INSTRUCTIONS FOR THE TASK:
When copying the data below, keep only the lines from the one with "修善寺温泉ライトアップ" through the one with "3 オラファー・エリアソン 《溶ける氷河のシリーズ", word for word, and skip the pictures.
START RECORDS
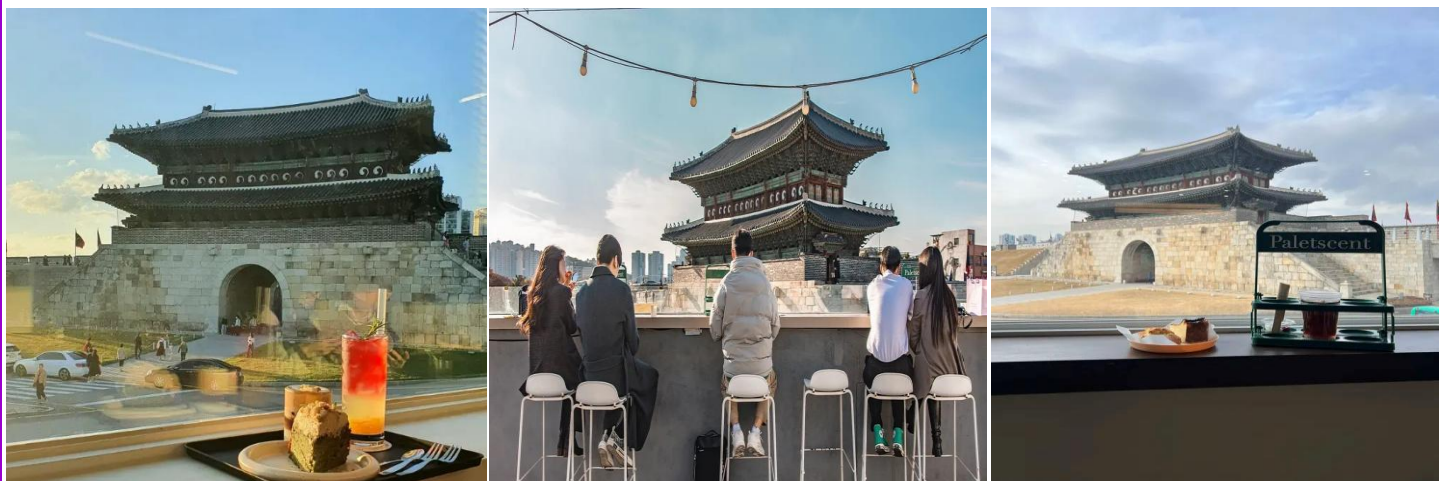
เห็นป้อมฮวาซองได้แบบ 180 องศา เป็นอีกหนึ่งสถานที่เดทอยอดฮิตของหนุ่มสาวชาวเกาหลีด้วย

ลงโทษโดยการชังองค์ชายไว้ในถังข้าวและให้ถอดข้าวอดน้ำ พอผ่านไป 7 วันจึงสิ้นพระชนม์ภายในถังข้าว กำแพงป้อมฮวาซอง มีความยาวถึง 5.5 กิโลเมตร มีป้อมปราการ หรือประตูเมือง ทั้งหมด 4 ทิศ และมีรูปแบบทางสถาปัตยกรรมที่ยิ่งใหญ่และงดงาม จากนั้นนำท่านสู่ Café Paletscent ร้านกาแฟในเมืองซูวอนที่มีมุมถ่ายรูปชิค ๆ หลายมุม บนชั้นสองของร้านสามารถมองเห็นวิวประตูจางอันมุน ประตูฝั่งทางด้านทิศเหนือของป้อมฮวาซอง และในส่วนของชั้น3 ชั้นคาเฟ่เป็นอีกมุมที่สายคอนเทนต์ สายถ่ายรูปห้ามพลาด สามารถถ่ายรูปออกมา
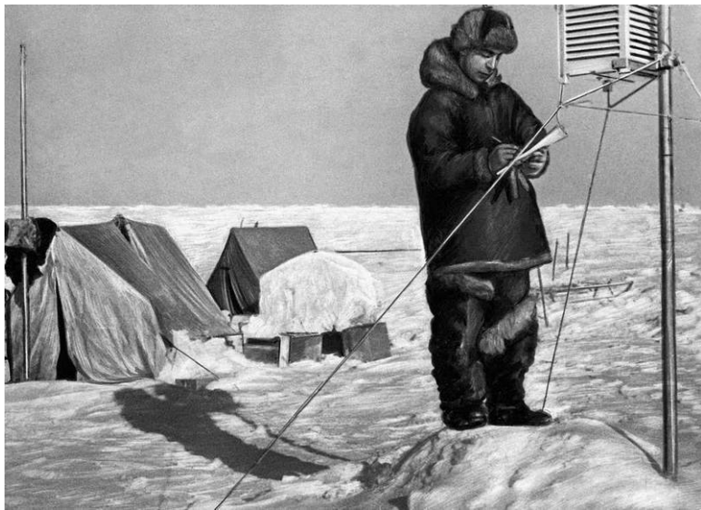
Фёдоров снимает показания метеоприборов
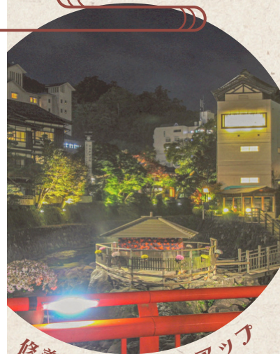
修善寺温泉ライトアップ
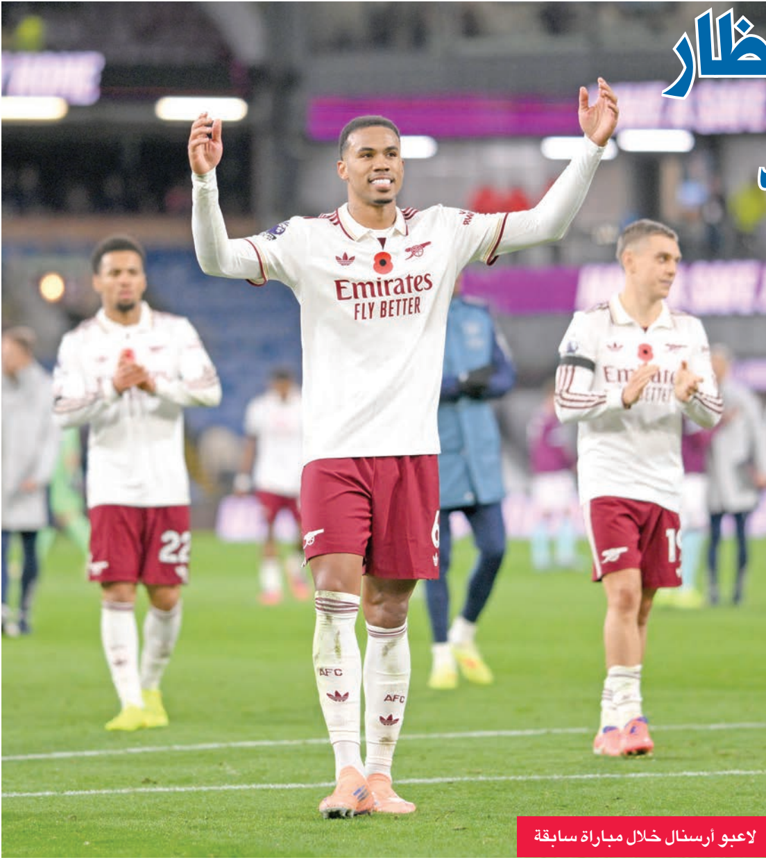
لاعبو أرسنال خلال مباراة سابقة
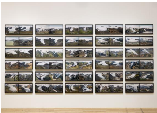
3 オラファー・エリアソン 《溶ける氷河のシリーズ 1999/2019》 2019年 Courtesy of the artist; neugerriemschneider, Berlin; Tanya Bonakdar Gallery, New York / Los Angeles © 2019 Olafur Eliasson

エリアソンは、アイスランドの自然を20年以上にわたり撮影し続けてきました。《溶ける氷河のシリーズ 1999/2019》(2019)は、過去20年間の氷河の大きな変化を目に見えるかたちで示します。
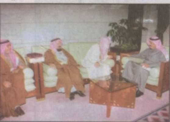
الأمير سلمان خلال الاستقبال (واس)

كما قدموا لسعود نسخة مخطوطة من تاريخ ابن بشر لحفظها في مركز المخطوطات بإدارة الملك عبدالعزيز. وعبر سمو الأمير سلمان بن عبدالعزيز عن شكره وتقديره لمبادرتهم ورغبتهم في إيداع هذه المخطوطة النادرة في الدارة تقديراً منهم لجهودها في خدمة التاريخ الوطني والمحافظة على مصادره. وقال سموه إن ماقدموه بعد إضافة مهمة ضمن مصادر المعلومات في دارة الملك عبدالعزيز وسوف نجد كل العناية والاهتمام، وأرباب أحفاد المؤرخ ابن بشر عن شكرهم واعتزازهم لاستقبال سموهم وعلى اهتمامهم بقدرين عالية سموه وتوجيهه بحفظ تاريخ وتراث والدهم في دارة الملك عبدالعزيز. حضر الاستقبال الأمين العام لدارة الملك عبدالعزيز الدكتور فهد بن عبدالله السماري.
END RECORDS
WRITTEN ANSWER:
修善寺温泉ライトアップ
لاعبو أرسنال خلال مباراة سابقة
3 オラファー・エリアソン 《溶ける氷河のシリーズ 1999/2019》 2019年 Courtesy of the artist; neugerriemschneider, Berlin; Tanya Bonakdar Gallery, New York / Los Angeles © 2019 Olafur Eliasson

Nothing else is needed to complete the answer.